◆ **Required work**: Restate word for word the lines of the material below, from the line with "What it is: Tudor’s" to the line with "Die Zentralheizung wird", both lines included, and no others.

◆ **Dataset extract**:
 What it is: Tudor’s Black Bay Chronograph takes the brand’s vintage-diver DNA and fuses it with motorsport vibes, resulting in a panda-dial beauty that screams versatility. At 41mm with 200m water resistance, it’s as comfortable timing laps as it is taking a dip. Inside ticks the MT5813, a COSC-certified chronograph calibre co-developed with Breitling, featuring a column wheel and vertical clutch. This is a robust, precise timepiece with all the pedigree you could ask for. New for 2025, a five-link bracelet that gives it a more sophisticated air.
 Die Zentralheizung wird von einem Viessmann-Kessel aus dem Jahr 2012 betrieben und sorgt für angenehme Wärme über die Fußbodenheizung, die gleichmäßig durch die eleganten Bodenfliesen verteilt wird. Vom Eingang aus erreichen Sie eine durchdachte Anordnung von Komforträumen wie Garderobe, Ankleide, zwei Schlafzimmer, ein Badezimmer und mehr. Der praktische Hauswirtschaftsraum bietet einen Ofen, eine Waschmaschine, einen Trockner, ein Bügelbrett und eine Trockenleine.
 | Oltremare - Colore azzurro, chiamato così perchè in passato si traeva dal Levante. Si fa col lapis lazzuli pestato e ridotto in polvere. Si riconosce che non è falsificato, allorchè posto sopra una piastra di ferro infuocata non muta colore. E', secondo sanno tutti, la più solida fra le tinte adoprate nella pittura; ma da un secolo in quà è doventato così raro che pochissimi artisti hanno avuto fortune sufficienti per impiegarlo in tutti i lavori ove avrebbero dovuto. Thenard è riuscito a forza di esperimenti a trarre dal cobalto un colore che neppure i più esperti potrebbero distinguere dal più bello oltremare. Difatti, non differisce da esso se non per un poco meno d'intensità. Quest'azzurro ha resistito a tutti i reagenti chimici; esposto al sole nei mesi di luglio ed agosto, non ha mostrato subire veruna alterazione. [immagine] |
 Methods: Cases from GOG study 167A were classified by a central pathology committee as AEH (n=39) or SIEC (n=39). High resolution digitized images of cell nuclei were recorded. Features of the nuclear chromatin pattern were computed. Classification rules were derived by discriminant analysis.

--

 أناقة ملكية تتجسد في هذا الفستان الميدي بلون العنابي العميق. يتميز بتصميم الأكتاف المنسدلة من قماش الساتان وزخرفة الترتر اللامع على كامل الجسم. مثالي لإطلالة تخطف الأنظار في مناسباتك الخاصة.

◆ **Result for this exercise**:
 What it is: Tudor’s Black Bay Chronograph takes the brand’s vintage-diver DNA and fuses it with motorsport vibes, resulting in a panda-dial beauty that screams versatility. At 41mm with 200m water resistance, it’s as comfortable timing laps as it is taking a dip. Inside ticks the MT5813, a COSC-certified chronograph calibre co-developed with Breitling, featuring a column wheel and vertical clutch. This is a robust, precise timepiece with all the pedigree you could ask for. New for 2025, a five-link bracelet that gives it a more sophisticated air.
 Die Zentralheizung wird von einem Viessmann-Kessel aus dem Jahr 2012 betrieben und sorgt für angenehme Wärme über die Fußbodenheizung, die gleichmäßig durch die eleganten Bodenfliesen verteilt wird. Vom Eingang aus erreichen Sie eine durchdachte Anordnung von Komforträumen wie Garderobe, Ankleide, zwei Schlafzimmer, ein Badezimmer und mehr. Der praktische Hauswirtschaftsraum bietet einen Ofen, eine Waschmaschine, einen Trockner, ein Bügelbrett und eine Trockenleine.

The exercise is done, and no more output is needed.